I kicked at a clump of dunegrass. "You're being inconsistent. You said writing copy was like a
game--"

"I said as long as I could think of it as a game I could go on doing that, but writing anything else while
you're in a book mucks up your sense of language. I'm better off fishing." He added, when he caught my unbelieving
stare, "Maybe not financially. Better off as a writer.
Small Victories
was a fairly cynical attempt to produce a
commercial novel."

I scuffed the sand. "It's a good book!"

"It's solid contemporary satire, and the research cost $l7.42 counting a library fine."

"Cost-effective. The IRS should love it."

"That's what I thought. It's my IRS book."

I said, "The next one's not satire, is it?"

"No."

"So Cleo Hagen knew about your financial troubles."

"That's right. And she was going to push me to sell the house."

"Do you think the Hagen Group will keep after you?"

"I doubt it. They don't need my place. If they'd needed it, they would've wanted Bonnie's, too. The
cottage was on the market almost a year."

"At thirty-five thousand?" I still found the prices incredible.

"Is that what she paid for it?" Tom didn't even sound interested. "Cleo offered me seventy-five. Just
enough to stay within the limits of probability. If she'd wanted land, she'd have snapped up Bonnie's place, and
grabbed for this one and Matt Cramer's lot, too. But she didn't. She was just trying to get at me."
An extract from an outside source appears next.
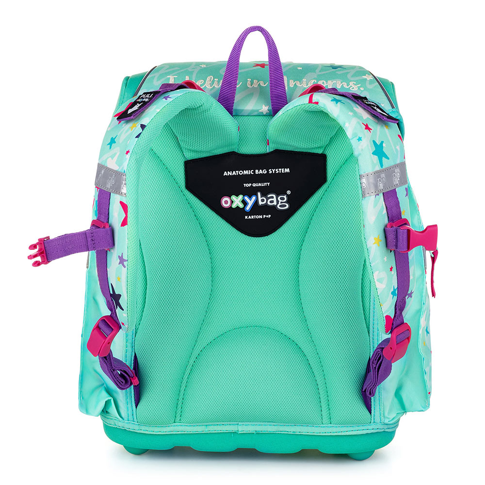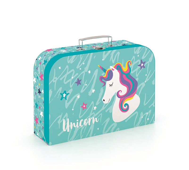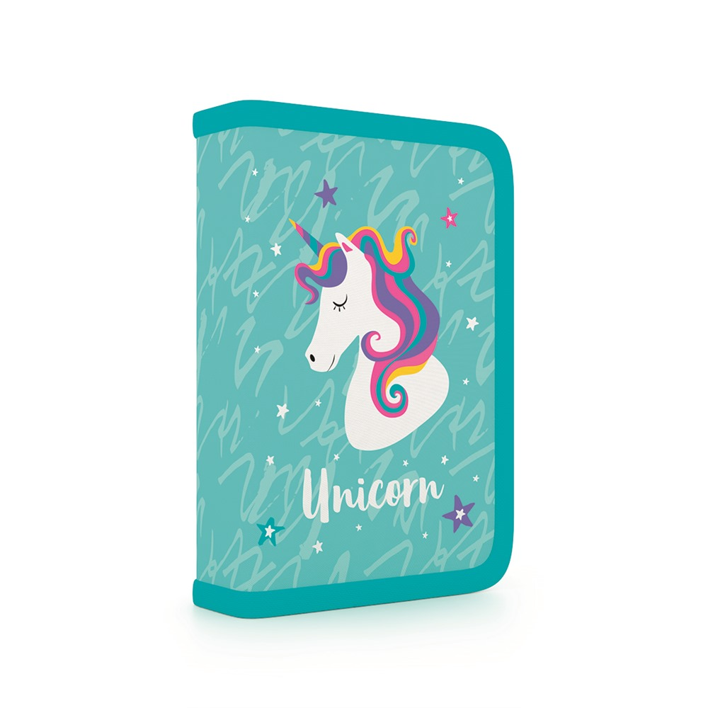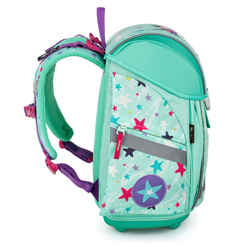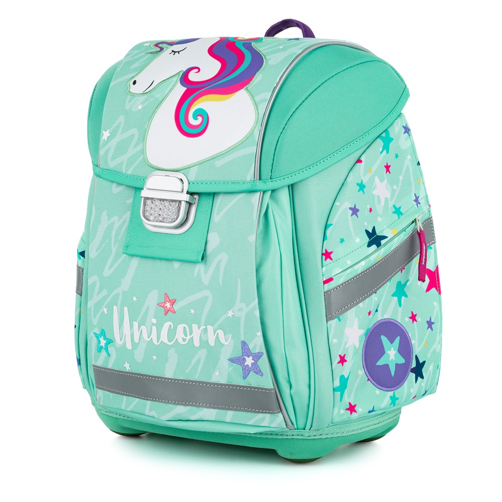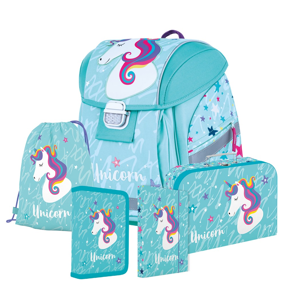 Školní set pro prvňáčka s motivem jednorožce. Set obsahuje školní batoh Premium Light, sáček na cvičky, naplněný jednopatrový penál, kufřík a box na sešity A4.

Jay tugged at his mustache, eyes on Tom's face. "If I were you, I wouldn't repeat what you've said to
Dale Nelson. He thinks the offer for your house meant you had to want Cleo Hagen alive and dealing. That's the
only reason he didn't arrest you."

"Do you think I killed Cleo?"

"No." Jay didn't hesitate.

Tom scuffed sand. "I wish to hell I knew who did it."

"Want me to try to find out?"

I stared at my husband. Ordinarily he despises what he calls civilian interference in police cases. I had
underestimated his outrage.

Tom drew a long breath. "If you're serious, yes. Strange as it may seem, I loved Cleo. I didn't like her,
mind you. I couldn't live with her. But I did love her."

"Will you cooperate?"

"Yes. I can't say it'll break my heart if the killer turns out to be Donald Hagen."
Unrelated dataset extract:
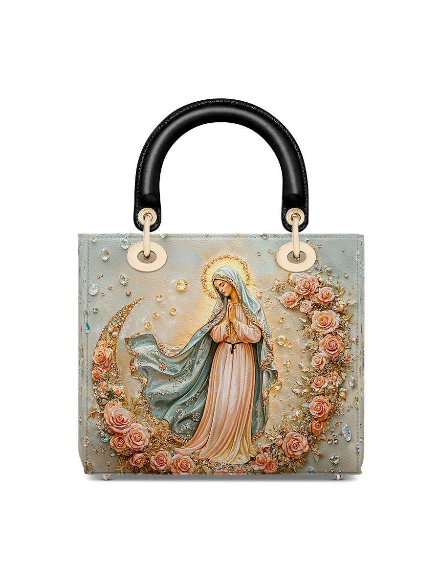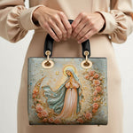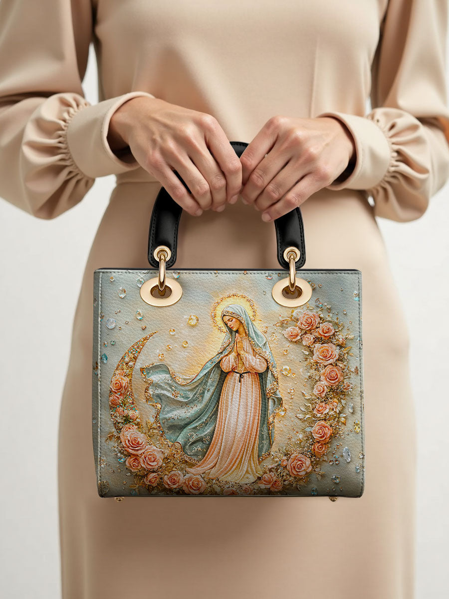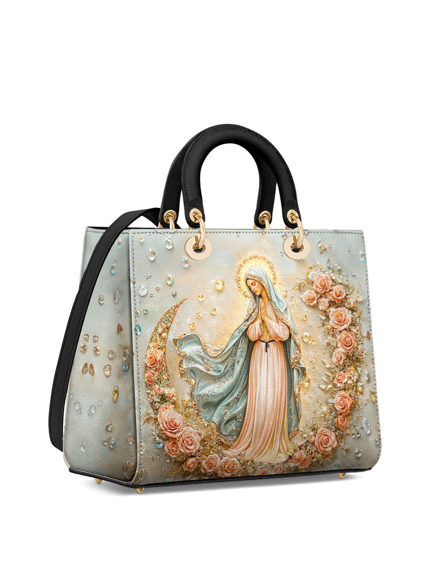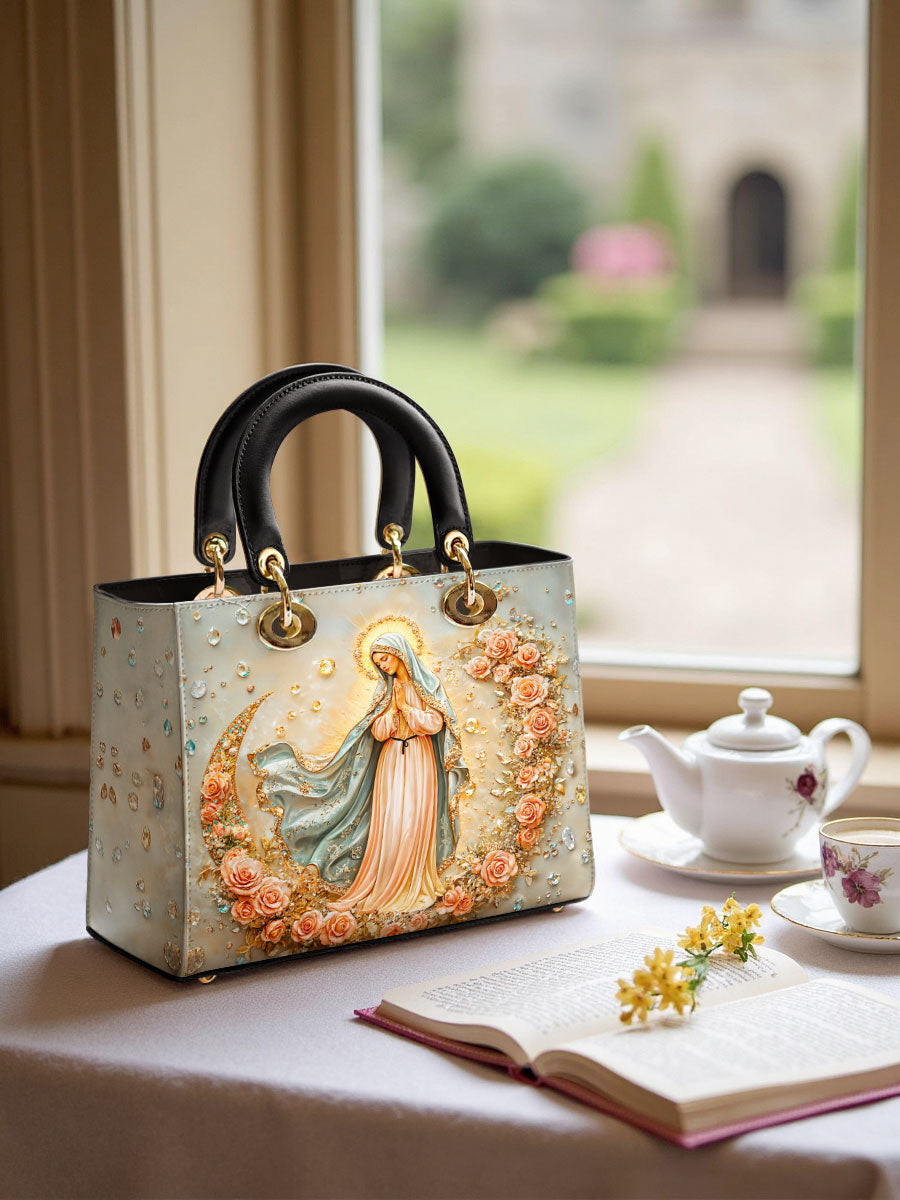 This exquisite leather bag showcases a serene image of the Blessed Virgin Mary standing gracefully on a crescent moon, encircled by delicate roses and soft golden light. The artwork beautifully symbolizes Mary’s purity, humility, and her role as the Queen of Heaven. The intricate details of her flowing veil and the soft pastel hues evoke peace, grace, and divine love, creating a meaningful piece that radiates faith and devotion.

Jay's face closed. "If he is, I'll find out. I called my mother yesterday. My late stepfather--Freddy's
dad--had a lot of connections in California real estate. I told Ma to cash in her favors. She keeps in touch with those
people--or her lawyer does."

The thought of my mother-in-law, Nancy, playing detective tickled me so much I was ready to call her
myself.

Jay was saying, "Of course you realize I'll have to give whatever I find out to Nelson if it seems relevant
to the official investigation."

Tom shrugged. "I have no beef with Dale. He's trying to be fair, and he isn't the sort to make an arrest
without a strong case."

Jay stuck out his hand. "I'll do what I can, then."

Tom shook it. "Thanks. I keep saying that--"
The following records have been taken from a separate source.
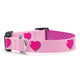 Made in the USA! Our fashionably fabulous ribbon collars come in a variety of lengths and in three widths to perfectly suit your dog's shape and size. Our collars are made from high-tensile strength nylon webbing with sewn on polyester and nylon ribbons, and are stain and fray resistant. They are designed to last a lifetime! Complete the look with the matching harness and lead.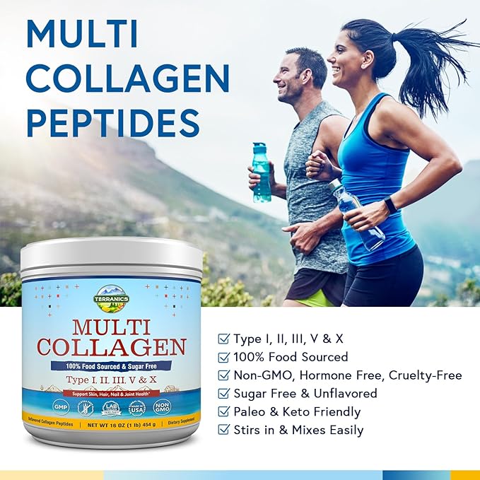 Terranics Multi Collagen Peptides Powder, Type I II III V X Hydrolyzed Collagen for Women+Men, Collagen Supplements for Skin Nail Hair & Joint, Fast Dissolve, Unflavored Colageno, No Sugar, Keto, 16oz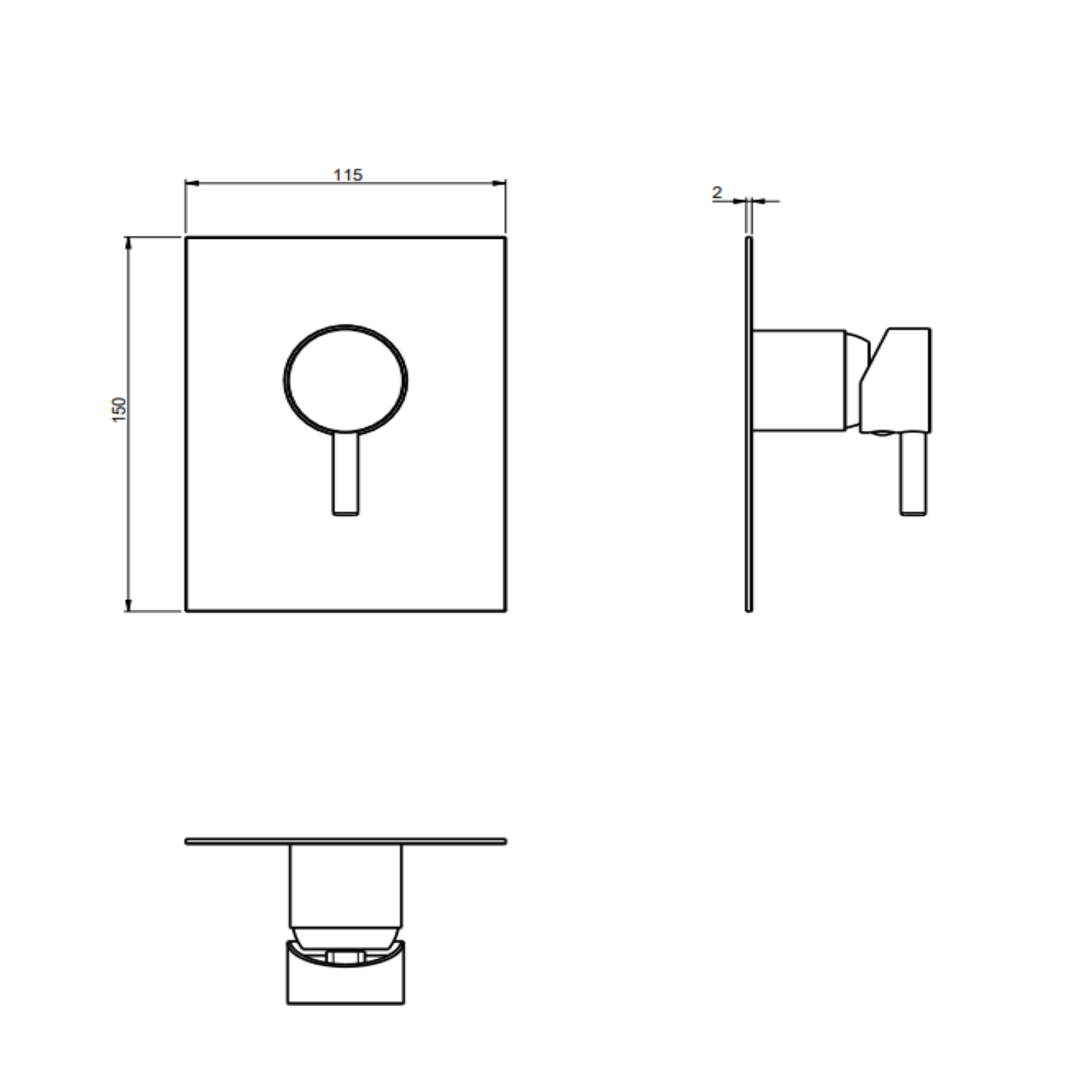 F.lli Frattini Pepe XL, Monocommande encastré pour douche, plaque en laiton

"Uh, I think Bonnie wants us across the street," I said.

When we got to the porch, Bonnie announced that she and Darla had finished and that Matt Cramer had
called from the hospital. Lottie was going into surgery to remove a blood clot in her brain. That cast a pall.

We waited an hour for the sealant to dry on the walls. The taupe paint went on fast. It looked awful.
When I saw the grungy brown I almost had another fit of weeping. However, the paint did dry lighter. Tom and Jay
nailed the strips of wood to the baseboards in short order while the female contingent gave the fireplace its first
coat. The disappearance of the red brick almost convinced me the walls needed color--but not taupe. Though we
spent a lot more time painting the woodwork, the chore went surprisingly fast with all of us working. I kept my
eyes averted from the taupe walls.

Jean Knight called again, horrified to hear of the shooting. She volunteered to cancel, but I had got the
bit between my teeth. Besides, if Jay was serious about doing an independent investigation, he would want to meet
the McKays. They represented an important focus of hostility to what Cleo Hagen had stood for. In a sense, Cleo and
Annie McKay had been rivals for power in the community. I wondered how seriously Annie took her leadership
role. I wondered how she felt about Tom's book.